The end of history — Tip #23
Or is it just an illusion? 🔮
In the last two tips we talked about food, gotta switch gears before Don’t Panic turns into a fitness/lifestyle newsletter 🤓. I recently came across something I’ve experienced first-hand countless times, and chances are you have too. Today’s tip is less about productivity or performance, and more of a reminder for your future self.
The end of history illusion is a cognitive bias that affects people of all ages. In the original study published in Science, participants ranged from 18 to 68 years old. In plain English, the bias goes like this:
It’s easier to remember the person you used to be than to imagine the person you’ll become.
If you think you’re immune, think again. This bias is linked to several limitations in how our brains work. A few of them:
🧠 Memory needs data: The past self is easier to access because memory gives us real examples, emotions, and stories to hold onto. We can recall who we were, but we can’t recall who we haven’t yet become.
🔮 Imagination is blurry: The future self has to be constructed from scratch, but the brain struggles to simulate detailed future preferences, values, and identities.
📌 Present moment projection: Current feelings, tastes, and priorities are treated as if they’re more stable than they really are. What feels important today gets projected into the future as if were permanent.
🧩 Need for coherence: The mind prefers a stable, coherent identity. Believing “this is who I am” feels psychologically safer than admitting that our values, goals, and personality may keep shifting.
🚫 Blindness to the unknown: Many future changes come from events we cannot yet predict, like new relationships, loss, work changes, illness, success, failure, or aging.

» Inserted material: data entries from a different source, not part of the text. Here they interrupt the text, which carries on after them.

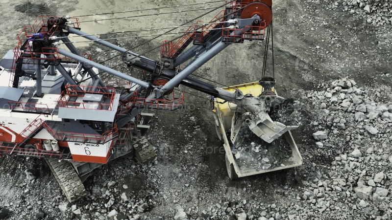 Экскаватор загружает камни на самосвалы в карьере
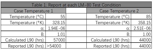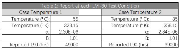 根據(jù)此報告可以推算出光源或模塊光通量下降到初始值的70%(L70)或者90%(L90)的壽命。
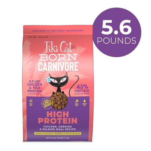NON-GMO INGREDIENTS - Your feline friend will thrive with the high-protein, high-fat and meat-based ingredients in Tiki Cat Born Carnivore

Because we cannot imagine these clearly, we underestimate their impact.
✨ Feeling "finished”: We generally like to believe we’ve grown into a wiser, better version of ourselves and that we have done most of the work.
I’ve seen this bias at play in my own life more times than I can count. At 15, I promised myself I would first become a billionaire☝️ and only then buy a house. Today the last thing I want to do is buy a house and lock myself into one place. Or take the first time I visited Dubai, I thought: “Wow, this is the future…clean, safe, luxurious. I could see myself living here”. Four years later, after actually living there, I was describing it as one of the most inhumane places on Earth (great for holidays though! 🎢).
I’d argue life is a lifelong journey of figuring yourself out. There is no final You.
Your weekly tip: Embrace change → it’s inevitable. Forgive your past mistakes, that was a different You. Leave room for optionality in long-term decisions. You may feel you won’t change, but you will. Be water, my friend.